• [Problem to solve]: One exact copy of the listing is needed. It should contain no pictures.

• [Task input]:

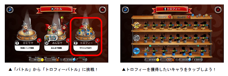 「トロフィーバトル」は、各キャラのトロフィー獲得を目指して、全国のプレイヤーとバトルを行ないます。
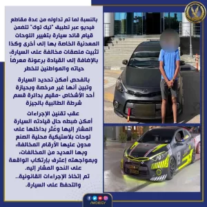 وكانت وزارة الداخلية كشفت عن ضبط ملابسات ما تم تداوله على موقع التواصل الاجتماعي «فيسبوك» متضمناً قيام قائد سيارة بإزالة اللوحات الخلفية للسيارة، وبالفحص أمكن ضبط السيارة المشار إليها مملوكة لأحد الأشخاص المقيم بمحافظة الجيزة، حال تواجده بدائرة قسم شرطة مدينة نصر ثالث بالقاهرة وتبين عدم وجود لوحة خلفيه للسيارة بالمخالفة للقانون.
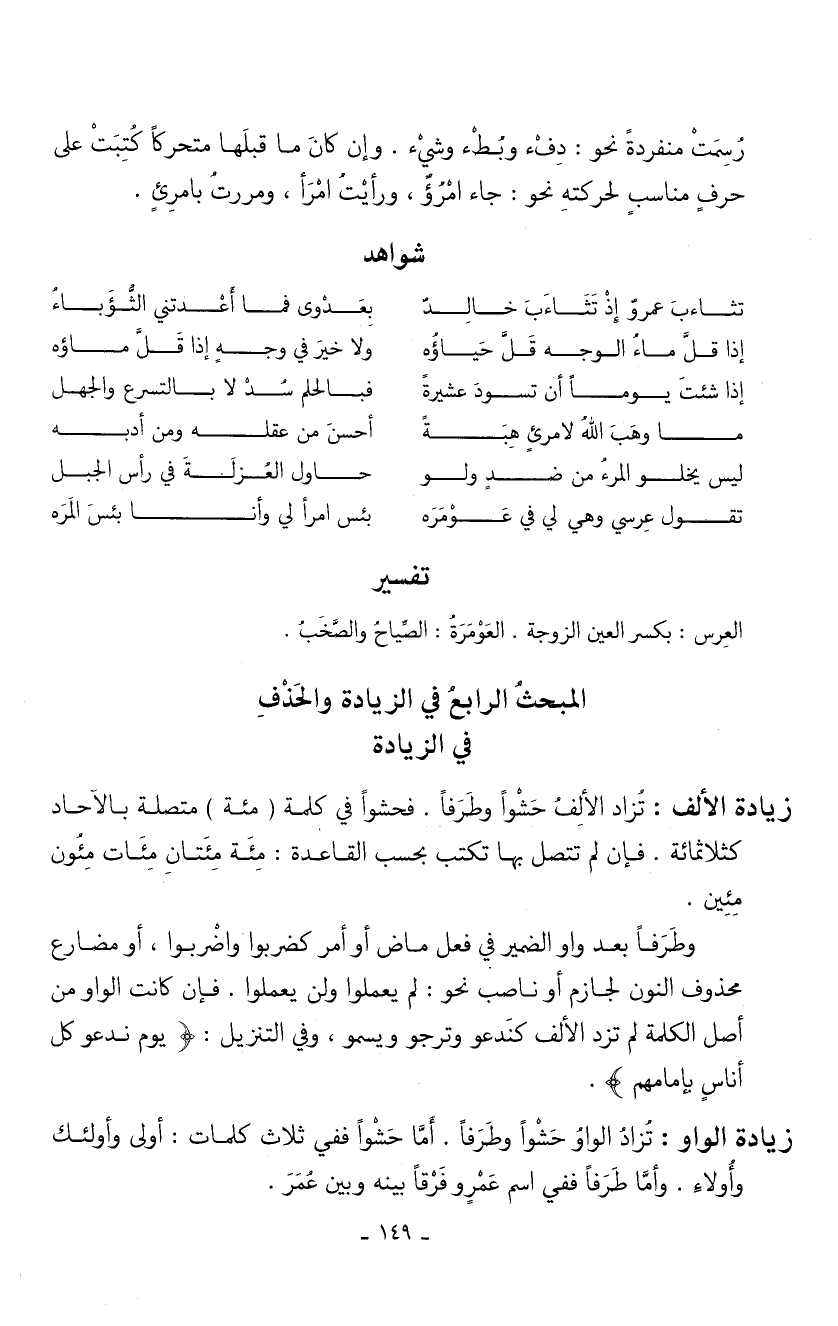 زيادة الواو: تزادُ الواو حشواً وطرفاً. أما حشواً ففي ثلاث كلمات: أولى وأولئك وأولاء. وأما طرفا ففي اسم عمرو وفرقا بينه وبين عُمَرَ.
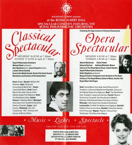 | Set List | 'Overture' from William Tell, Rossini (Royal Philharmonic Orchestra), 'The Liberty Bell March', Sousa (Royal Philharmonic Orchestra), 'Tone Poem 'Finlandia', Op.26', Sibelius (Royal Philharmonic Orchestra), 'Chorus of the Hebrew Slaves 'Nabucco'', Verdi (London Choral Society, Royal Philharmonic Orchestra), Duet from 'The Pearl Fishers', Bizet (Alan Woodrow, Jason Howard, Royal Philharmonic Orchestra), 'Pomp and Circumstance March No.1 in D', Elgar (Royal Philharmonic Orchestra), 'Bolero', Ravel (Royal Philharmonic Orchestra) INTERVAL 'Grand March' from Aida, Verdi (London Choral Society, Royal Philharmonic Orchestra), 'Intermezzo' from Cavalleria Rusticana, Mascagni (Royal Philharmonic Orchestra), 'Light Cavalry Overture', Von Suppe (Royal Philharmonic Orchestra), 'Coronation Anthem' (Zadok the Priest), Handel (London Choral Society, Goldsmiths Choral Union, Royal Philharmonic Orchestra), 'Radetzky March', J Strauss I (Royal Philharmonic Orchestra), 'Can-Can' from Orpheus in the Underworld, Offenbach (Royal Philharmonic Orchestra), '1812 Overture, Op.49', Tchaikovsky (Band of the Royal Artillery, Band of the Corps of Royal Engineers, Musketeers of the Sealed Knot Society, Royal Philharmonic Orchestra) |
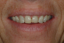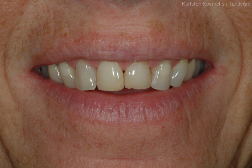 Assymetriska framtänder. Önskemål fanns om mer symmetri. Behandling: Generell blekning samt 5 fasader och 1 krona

• [Solution to this task]:
 「トロフィーバトル」は、各キャラのトロフィー獲得を目指して、全国のプレイヤーとバトルを行ないます。
 وكانت وزارة الداخلية كشفت عن ضبط ملابسات ما تم تداوله على موقع التواصل الاجتماعي «فيسبوك» متضمناً قيام قائد سيارة بإزالة اللوحات الخلفية للسيارة، وبالفحص أمكن ضبط السيارة المشار إليها مملوكة لأحد الأشخاص المقيم بمحافظة الجيزة، حال تواجده بدائرة قسم شرطة مدينة نصر ثالث بالقاهرة وتبين عدم وجود لوحة خلفيه للسيارة بالمخالفة للقانون.
 زيادة الواو: تزادُ الواو حشواً وطرفاً. أما حشواً ففي ثلاث كلمات: أولى وأولئك وأولاء. وأما طرفا ففي اسم عمرو وفرقا بينه وبين عُمَرَ.
 | Set List | 'Overture' from William Tell, Rossini (Royal Philharmonic Orchestra), 'The Liberty Bell March', Sousa (Royal Philharmonic Orchestra), 'Tone Poem 'Finlandia', Op.26', Sibelius (Royal Philharmonic Orchestra), 'Chorus of the Hebrew Slaves 'Nabucco'', Verdi (London Choral Society, Royal Philharmonic Orchestra), Duet from 'The Pearl Fishers', Bizet (Alan Woodrow, Jason Howard, Royal Philharmonic Orchestra), 'Pomp and Circumstance March No.1 in D', Elgar (Royal Philharmonic Orchestra), 'Bolero', Ravel (Royal Philharmonic Orchestra) INTERVAL 'Grand March' from Aida, Verdi (London Choral Society, Royal Philharmonic Orchestra), 'Intermezzo' from Cavalleria Rusticana, Mascagni (Royal Philharmonic Orchestra), 'Light Cavalry Overture', Von Suppe (Royal Philharmonic Orchestra), 'Coronation Anthem' (Zadok the Priest), Handel (London Choral Society, Goldsmiths Choral Union, Royal Philharmonic Orchestra), 'Radetzky March', J Strauss I (Royal Philharmonic Orchestra), 'Can-Can' from Orpheus in the Underworld, Offenbach (Royal Philharmonic Orchestra), '1812 Overture, Op.49', Tchaikovsky (Band of the Royal Artillery, Band of the Corps of Royal Engineers, Musketeers of the Sealed Knot Society, Royal Philharmonic Orchestra) |
 Assymetriska framtänder. Önskemål fanns om mer symmetri. Behandling: Generell blekning samt 5 fasader och 1 krona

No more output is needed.